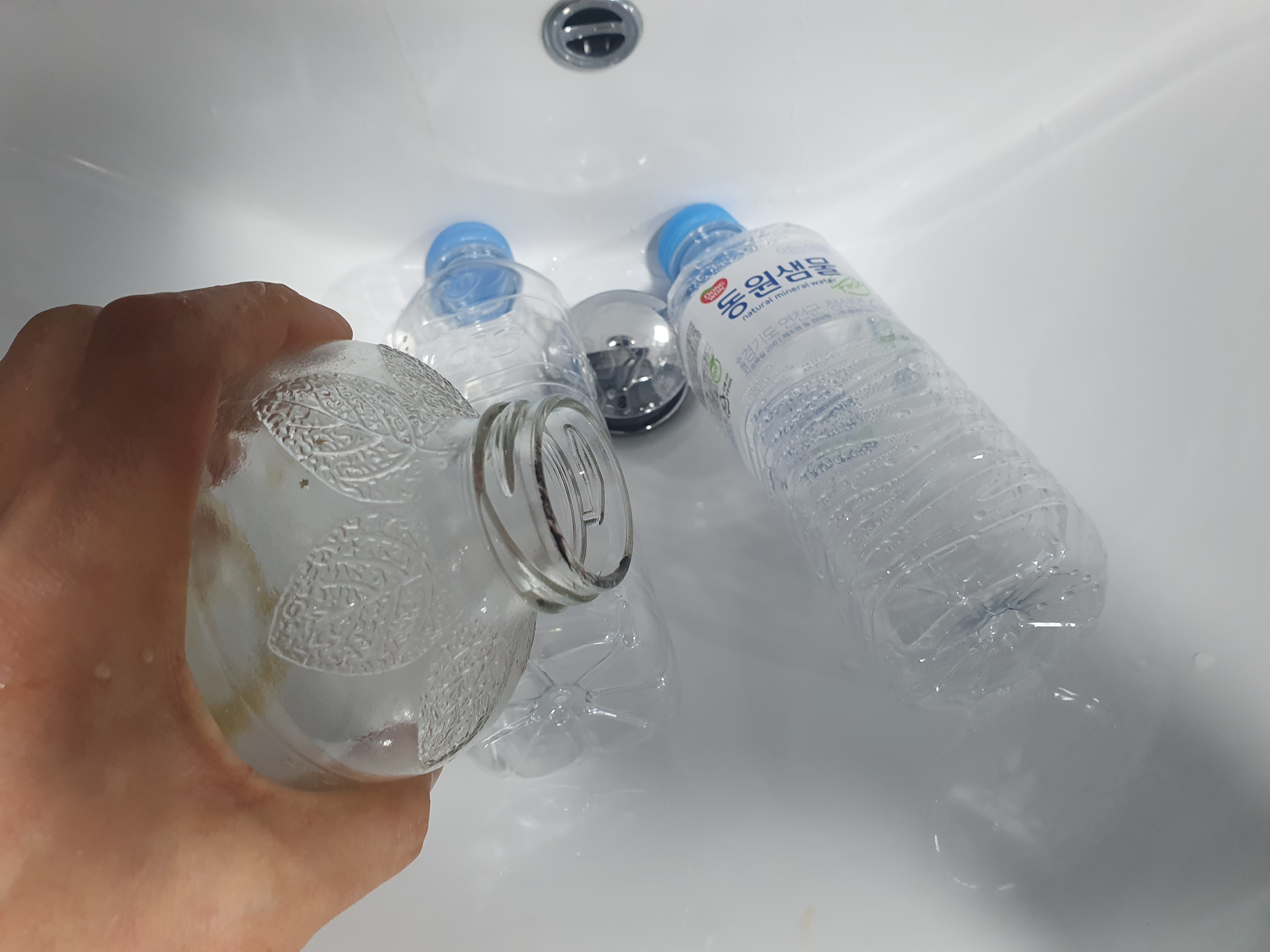 빗물을 좀 많이 받아놔서 작은 플라스틱
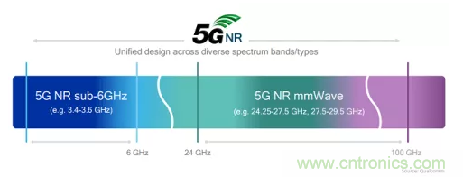 5G通信采用的頻段規范稱作“5G新空口”(5G New Radio,5G NR),使用6 GHz以下頻率以及毫米波波段,見圖5。數據率為10~20Gbps
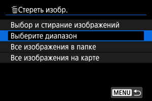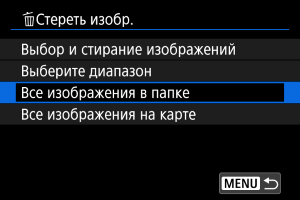 : Стереть изобр.] значения [Все изображения в папке] или [Все изображения на карте] будут удалены все изображения в папке или на карте памяти.
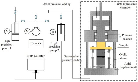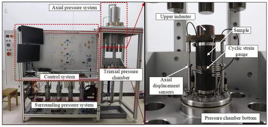 The triaxial rock multi-field coupling test platform was selected for the experiment, as shown in Figure 1. The test platform is mainly composed of a control system, an axial pressure system, a surrounding pressure system and triaxial pressure chamber, and high-precision sensors. The test platform loading system can apply a maximum of 500 MPa of axial stress and 60 MPa of surrounding pressure. The pressure accuracy is ±0.01 MPa. The effect of surrounding pressure is mechanically counteracted by a self-balancing piston head with a triaxial pressure chamber. The axial stress loaded on the sample is directly the stress difference. The triaxial pressure chamber is equipped with high-precision axial displacement transducers and circumferential strain gauges. The displacement sensor has a range of 12 mm and an accuracy of ±0.001 mm. The test platform can be applied to the conventional triaxial mechanical test and external multi-field coupling test of rocks. The principle of the experimental equipment is shown in Figure 2.
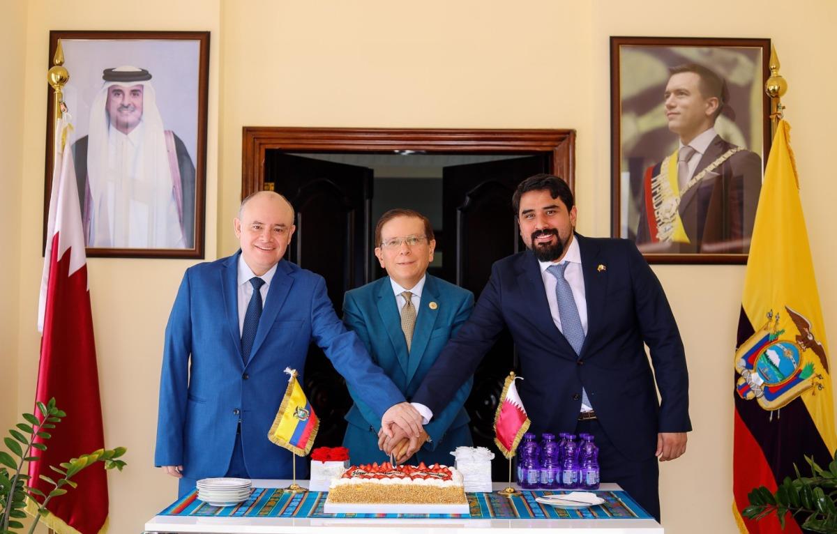 During an event held at the embassy, Ecuadorian Ambassador to Qatar, H E Pascual Del Cioppo, together with other officials, cut a ceremonial cake. In addition, the Sheraton Hotel was illuminated with the colours of the Ecuadorian flag projected onto its front façade to mark the occasion.
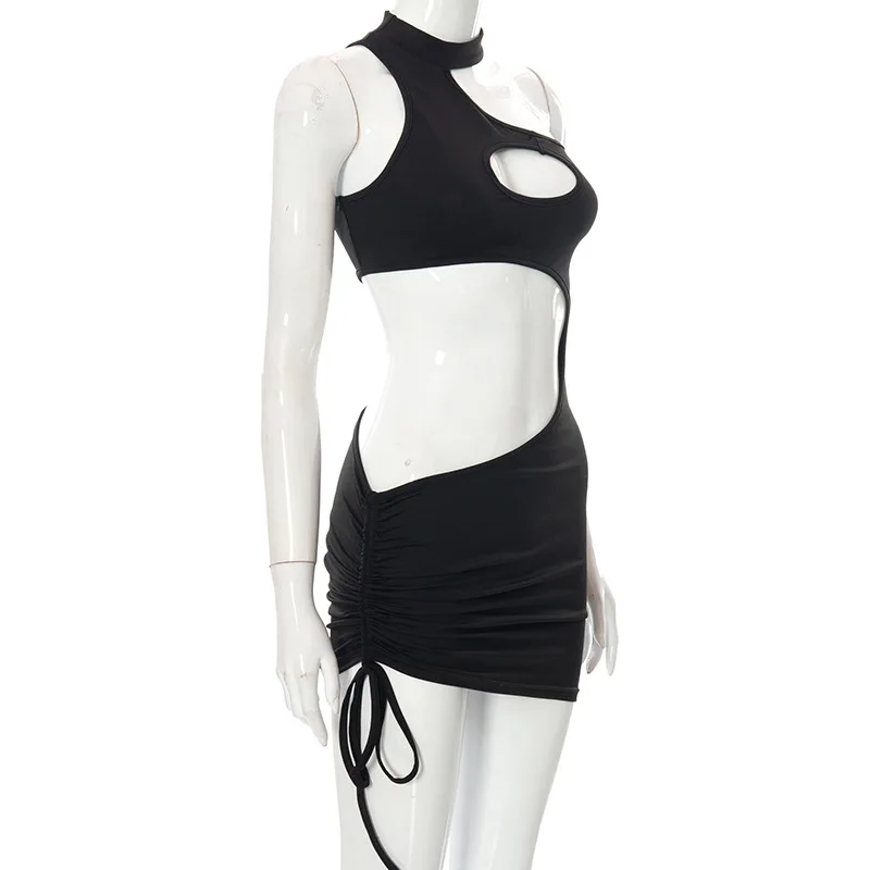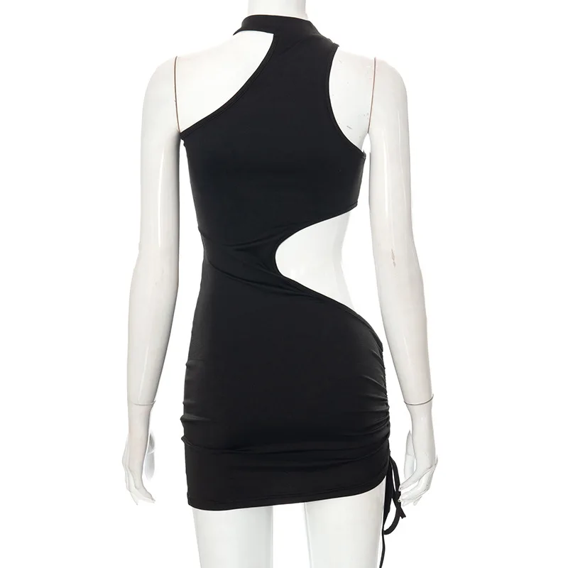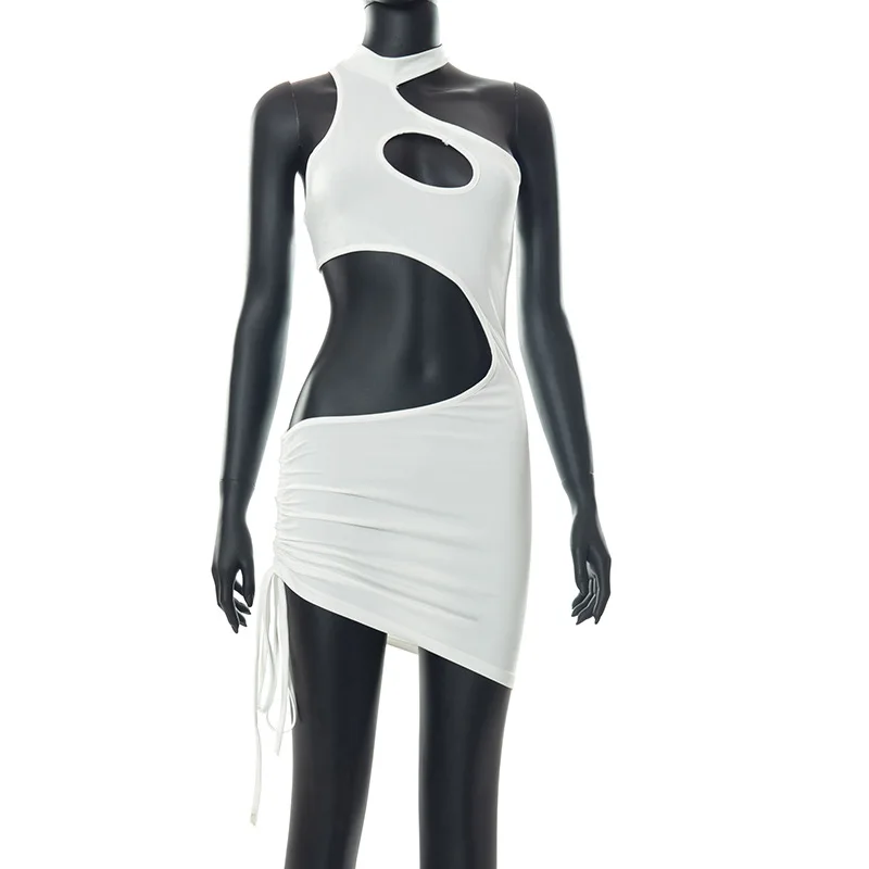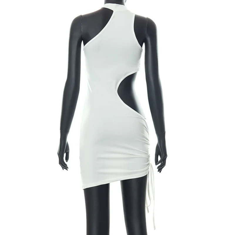 BOOFEENAA Irregular Cut Out Mini Bodycon Dress Summer Going Out Club Wear Sexy Outfits for Woman White Black Dresses C85-BI17

◇ ◇ ◇ ◇ ◇ ◇ ◇

### Activity
Look at the listing and set down only the lines from its start through the line with "на карте памяти.", word for word and without pictures.

### Result of the task
 빗물을 좀 많이 받아놔서 작은 플라스틱
 5G通信采用的頻段規范稱作“5G新空口”(5G New Radio,5G NR),使用6 GHz以下頻率以及毫米波波段,見圖5。數據率為10~20Gbps
 : Стереть изобр.] значения [Все изображения в папке] или [Все изображения на карте] будут удалены все изображения в папке или на карте памяти.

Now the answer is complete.